Exercise directions:
Your copy should match the records below exactly, except for the pictures.

[Data records]
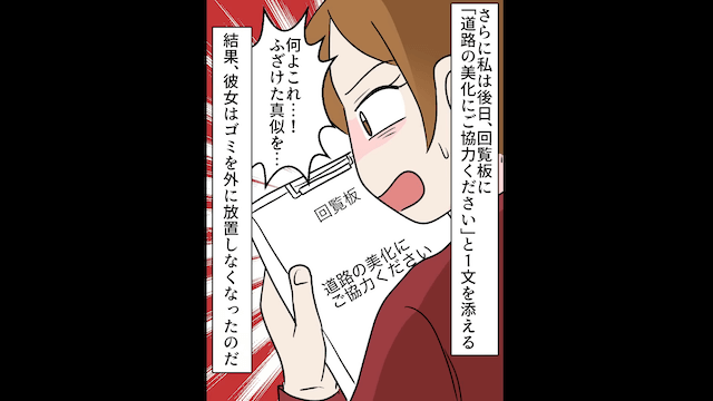 料理や家事に文句をつけてくる息子夫婦にうんざりするも、我慢していた主人公。 そんなある日、嫁が家の前にゴミ袋を放置し「ゴミなんて知りません」とシラを切ったのです。
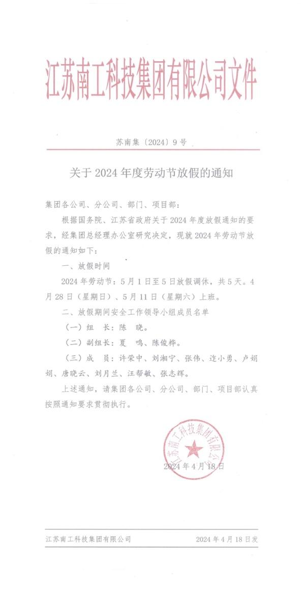 您的位置:集團首頁 >> 新聞中心 >> 集團公告 >> 關于2024年度勞動節放假的通知
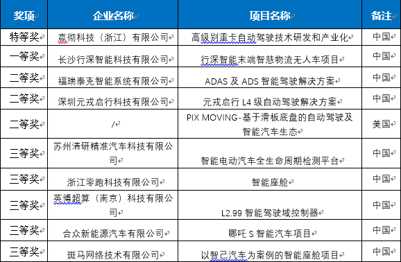 嬴彻科技(浙江)有限公司的高级别重卡自动驾驶技术研发和产业化项目夺得网联汽车专题赛特等奖。
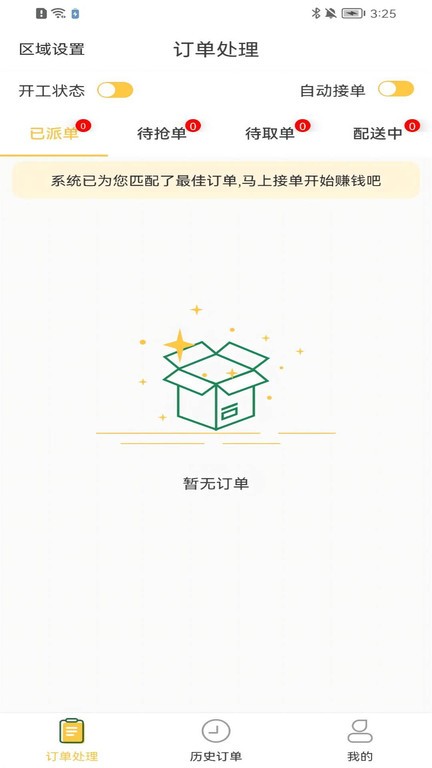 当选择自动接单为打开时(按钮为黄色),则代表所有系统给您的派单,都不需要您再手动点击,系统直接帮您自动接单。
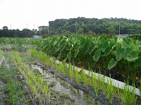 | 2009年8月22日(土)10:30~12:30 紅あずまプロジェクトの蔓おこしに参加しました。 ことしで、4年目となる、芋焼酎「夢のつづき」づくり。このプロジェクトでは、現在は都筑ハーベストが、酒のうちのさんと協力し、都筑の畑でとれた芋で都筑ブランドとなる焼酎を、地域の人たちの力を借りながら、つくっているのです。 この日は、春に植えた苗が、ずいぶん育って、からまった蔓をほどき、まわりの草取りをする作業をしました。 昨年までのようすはこちら 都筑ハーベストのホームページはこちら |
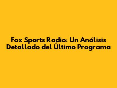 ¡Hola a todos los fanáticos del deporte! Hoy nos sumergimos en el universo de Fox Sports Radio, específicamente en su último programa. Prepárense para un análisis exhaustivo, lleno de detalles y perspectivas que seguramente les encantarán. ¿Están listos para revivir los mejores momentos, las discusiones más acaloradas y los análisis más profundos? ¡Vamos a ello!
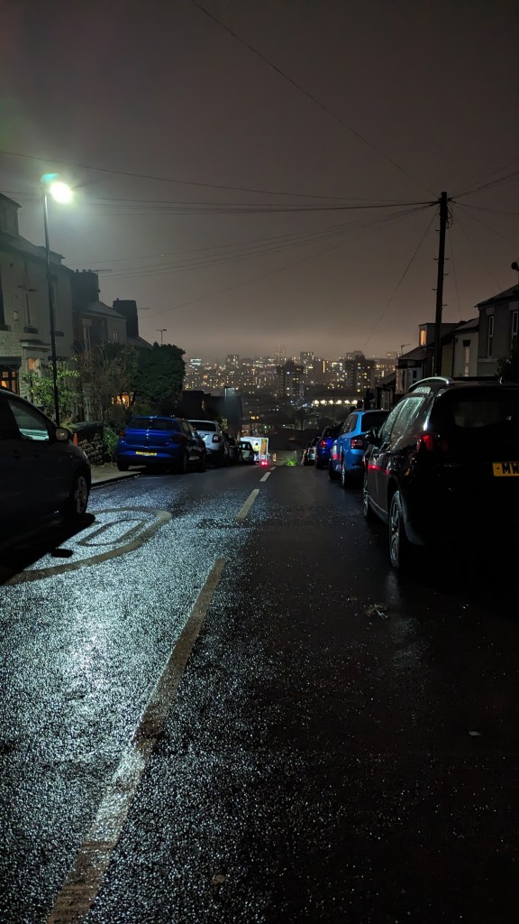 I took a walk up the hills just as the drizzle descended, and found myself at the foot of Birkendale Road.
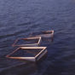 Three of Jon Kott's dragonfly cages floating in the lake.
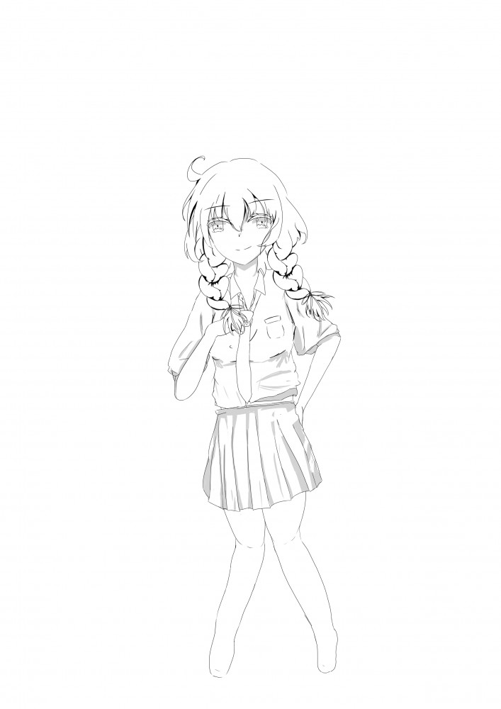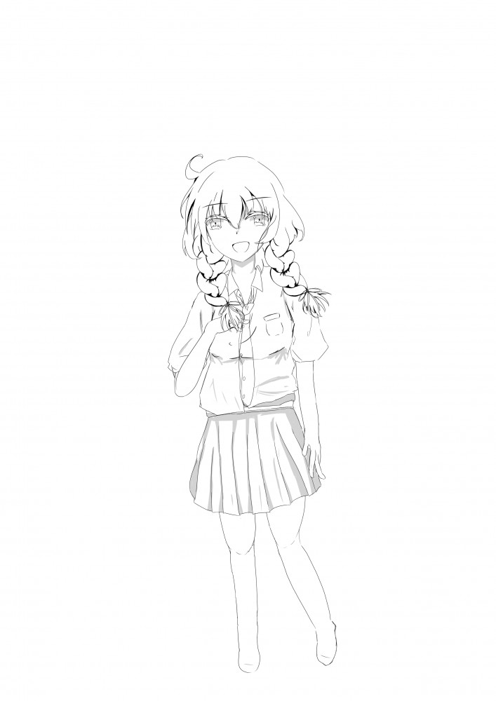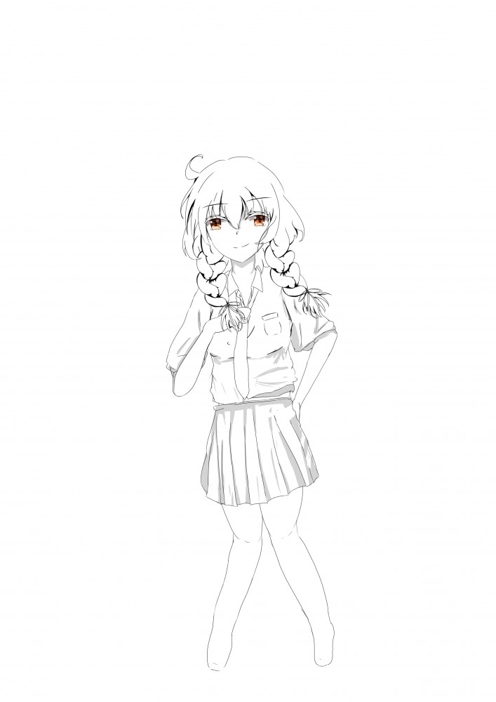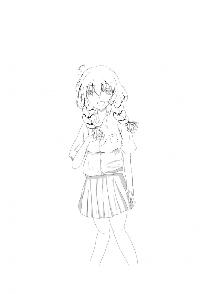 ↓サイドに三つ編みで確定して線画
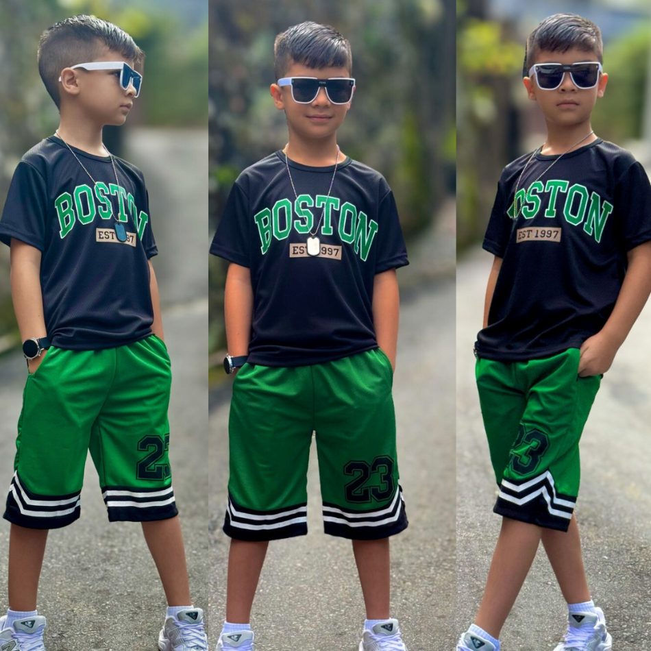 Conjunto Infantil Juvenil Masculino Kit Camiseta e Bermuda Dry Fit
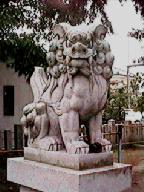 こま犬はだいぶ新しく,色つき。新しいといっても平成元年のもの。平成に入ってからのものというのは,全てが新しいように感じるんだけど,もう平成も9年目。それなりの歴史がでてきているはず。コンピュータなんか,平成元年には一般ピープルがさわるものじゃなかったもんね。

Result of the task:
 料理や家事に文句をつけてくる息子夫婦にうんざりするも、我慢していた主人公。 そんなある日、嫁が家の前にゴミ袋を放置し「ゴミなんて知りません」とシラを切ったのです。
 您的位置:集團首頁 >> 新聞中心 >> 集團公告 >> 關于2024年度勞動節放假的通知
 嬴彻科技(浙江)有限公司的高级别重卡自动驾驶技术研发和产业化项目夺得网联汽车专题赛特等奖。
 当选择自动接单为打开时(按钮为黄色),则代表所有系统给您的派单,都不需要您再手动点击,系统直接帮您自动接单。
 | 2009年8月22日(土)10:30~12:30 紅あずまプロジェクトの蔓おこしに参加しました。 ことしで、4年目となる、芋焼酎「夢のつづき」づくり。このプロジェクトでは、現在は都筑ハーベストが、酒のうちのさんと協力し、都筑の畑でとれた芋で都筑ブランドとなる焼酎を、地域の人たちの力を借りながら、つくっているのです。 この日は、春に植えた苗が、ずいぶん育って、からまった蔓をほどき、まわりの草取りをする作業をしました。 昨年までのようすはこちら 都筑ハーベストのホームページはこちら |
 ¡Hola a todos los fanáticos del deporte! Hoy nos sumergimos en el universo de Fox Sports Radio, específicamente en su último programa. Prepárense para un análisis exhaustivo, lleno de detalles y perspectivas que seguramente les encantarán. ¿Están listos para revivir los mejores momentos, las discusiones más acaloradas y los análisis más profundos? ¡Vamos a ello!
 I took a walk up the hills just as the drizzle descended, and found myself at the foot of Birkendale Road.
 Three of Jon Kott's dragonfly cages floating in the lake.
 ↓サイドに三つ編みで確定して線画
 Conjunto Infantil Juvenil Masculino Kit Camiseta e Bermuda Dry Fit
 こま犬はだいぶ新しく,色つき。新しいといっても平成元年のもの。平成に入ってからのものというのは,全てが新しいように感じるんだけど,もう平成も9年目。それなりの歴史がでてきているはず。コンピュータなんか,平成元年には一般ピープルがさわるものじゃなかったもんね。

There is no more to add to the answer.